§ About this exercise
Would you write out the lines below exactly, from the one containing "Krom vanadyum, Krom" to the very last, but without the pictures?

§ The input
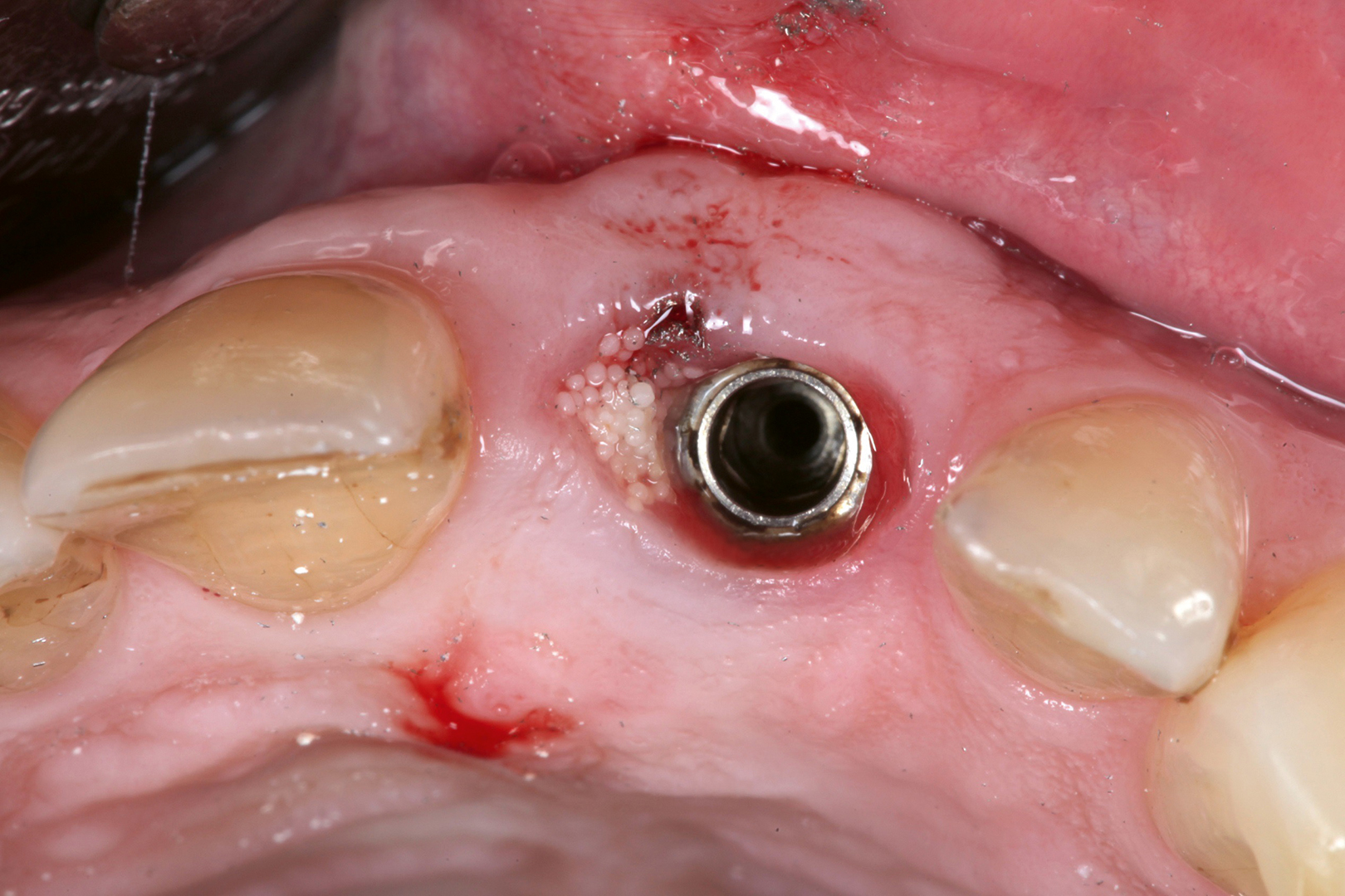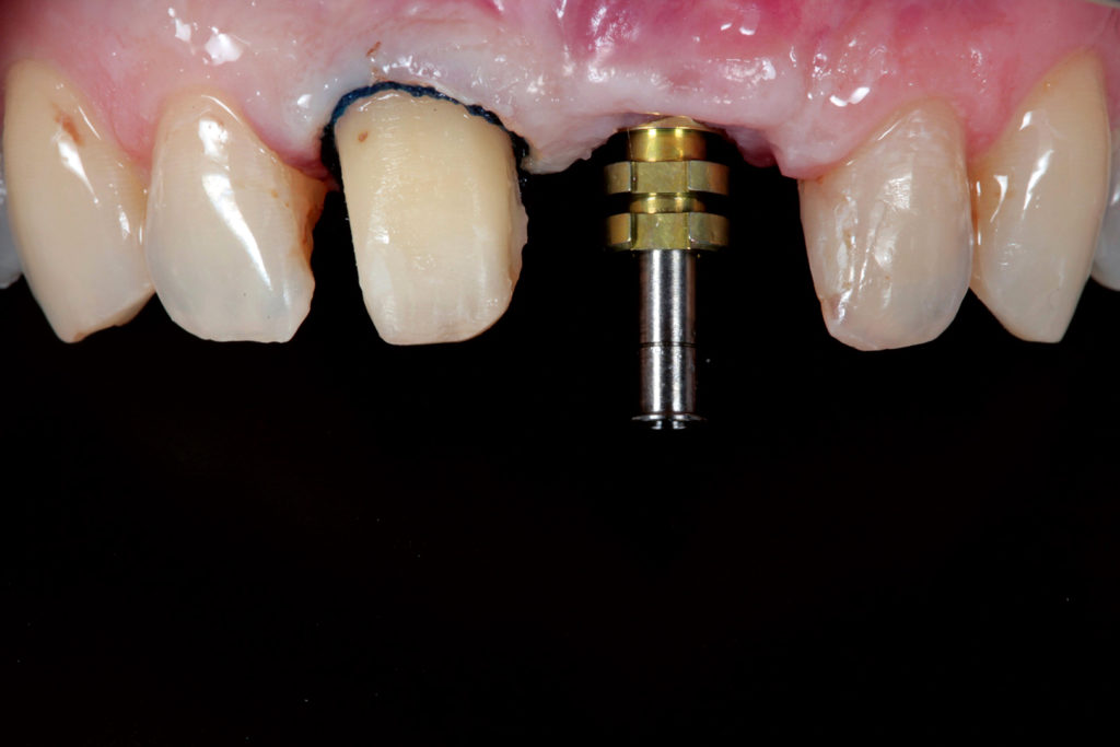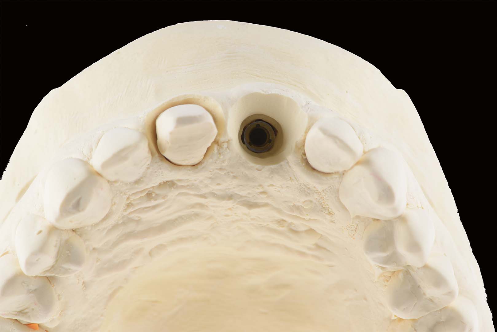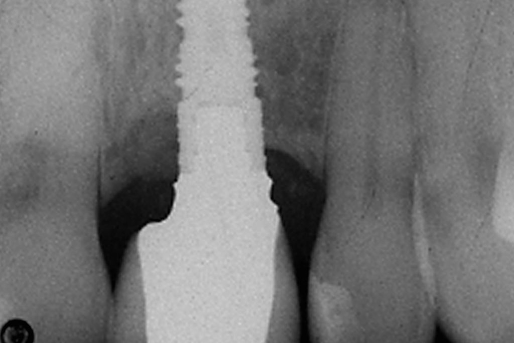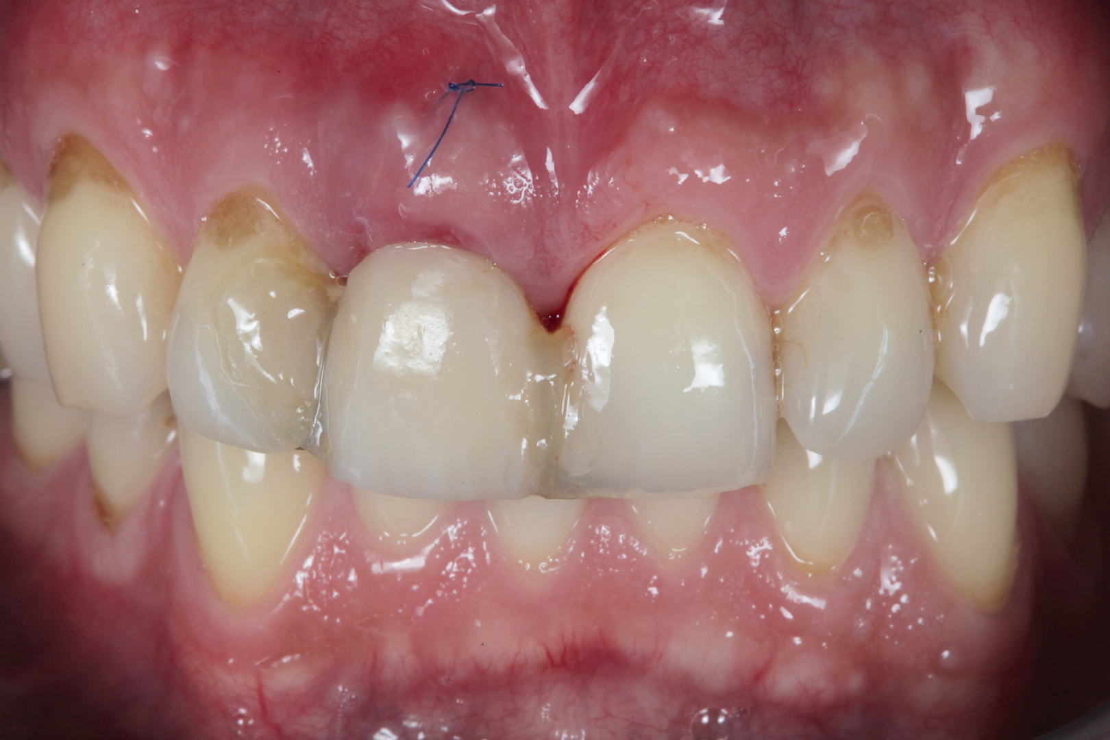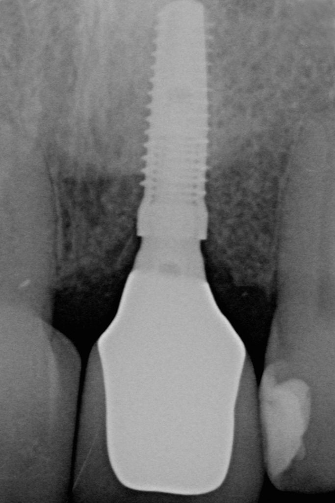 Nach der Explantation des Implantats regio 21 wurden in korrekter dreidimensionaler Position ein Implantat mit tiefer, konischer Verbindungsgeometrie und Indexierung inseriert und Hart- sowie Weichgewebe aufgebaut. Als Interimsersatz wurde der Patient während der Einheilphase mit einer provisorischen Klebebrücke versorgt (CoCr-Gerüst, mit Komposit verblendet).
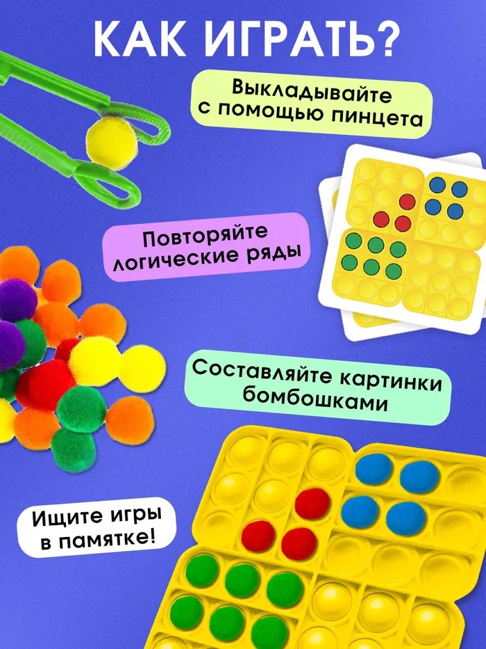 «Нажимай и сортируй» — развивающий набор для детей от 3 лет. Малыш закрепит знание цветов и форм, потренирует навыки счёта и мелкую моторику в игровой форме. В комплект входят 36 ярких цветных бомбошек, резиновая основа, пинцет Монтессори, правила игры и 20 увлекательных заданий.
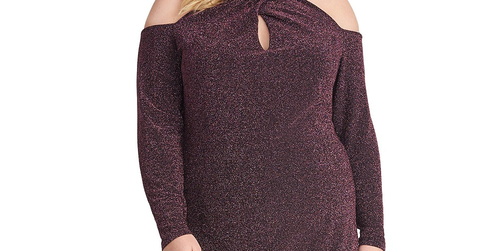 Vestido Halter de Malha Brilhante Plus Size da Rachel Rachel Roy Feminino Roxo Tamanho 14
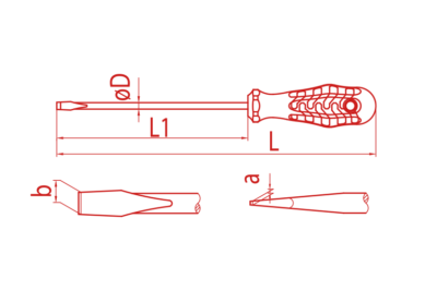 Krom vanadyum, Krom kaplı, Ucu siyah oksit, Selüloz asetat saplı D Uç Kalınlığı : 5.5 mm L Tornavida Boyu : 70 mm L1 Sungü Boyu : 25 mm Uç: a: 1mm b: 5.5 Ağırlık: 30 gr TSE, TS59
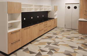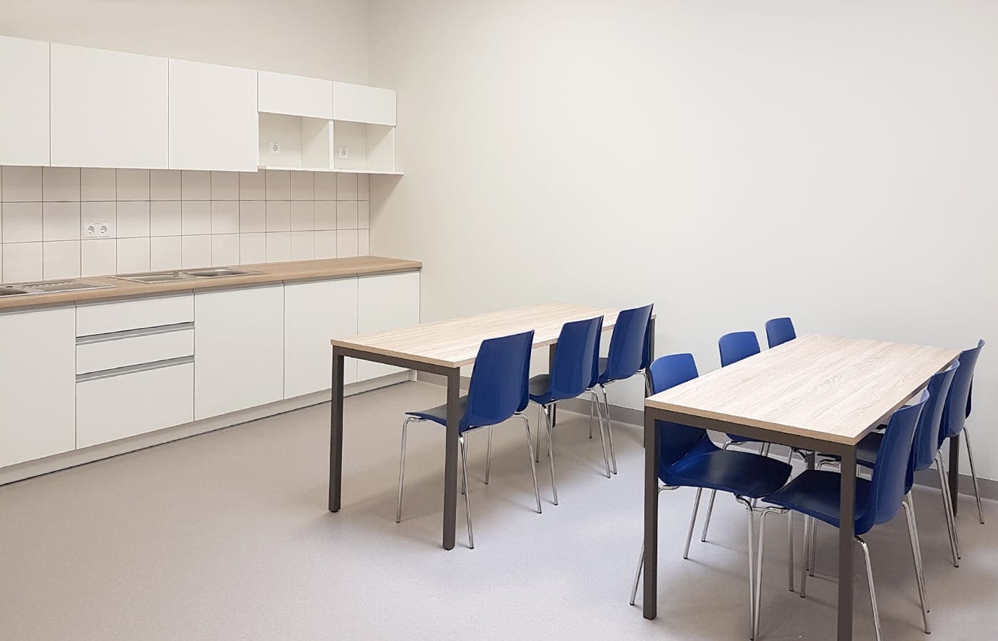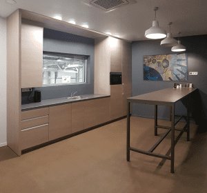 Priklausomai nuo darbuotojų skaičiaus, poreikių, įmonės veiklos specifikos skiriasi virtuvės baldų dydis, integruojamos technikos pobūdis ir kiekis.
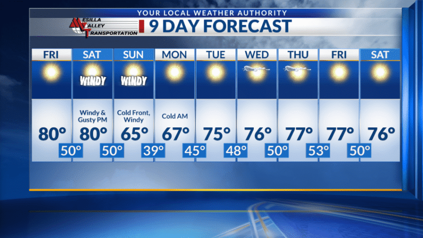 Friday and Saturday will feature highs in the low 80s with sunny skies. Wind speeds will increase Saturday night to 10-20 mph, gusts around 30 mph.
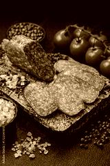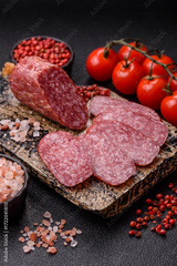 Sliced salami sausage, smoked meat as a delicacy for the table. Salami sausage
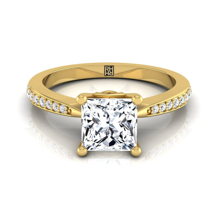 คลาสสิกและสง่างาม, การตั้งแหวนหมั้นเพชรทรงเจ้าหญิงนี้แสดงให้เห็นถึงเพชรเจียระไนแบบ Brilliant Cut (h-i/vs 0.125ctw) ที่ประณีตฝังแบบปาเว่ในทองคำเหลือง 14k

§ Output of the task
 Krom vanadyum, Krom kaplı, Ucu siyah oksit, Selüloz asetat saplı D Uç Kalınlığı : 5.5 mm L Tornavida Boyu : 70 mm L1 Sungü Boyu : 25 mm Uç: a: 1mm b: 5.5 Ağırlık: 30 gr TSE, TS59
 Priklausomai nuo darbuotojų skaičiaus, poreikių, įmonės veiklos specifikos skiriasi virtuvės baldų dydis, integruojamos technikos pobūdis ir kiekis.
 Friday and Saturday will feature highs in the low 80s with sunny skies. Wind speeds will increase Saturday night to 10-20 mph, gusts around 30 mph.
 Sliced salami sausage, smoked meat as a delicacy for the table. Salami sausage
 คลาสสิกและสง่างาม, การตั้งแหวนหมั้นเพชรทรงเจ้าหญิงนี้แสดงให้เห็นถึงเพชรเจียระไนแบบ Brilliant Cut (h-i/vs 0.125ctw) ที่ประณีตฝังแบบปาเว่ในทองคำเหลือง 14k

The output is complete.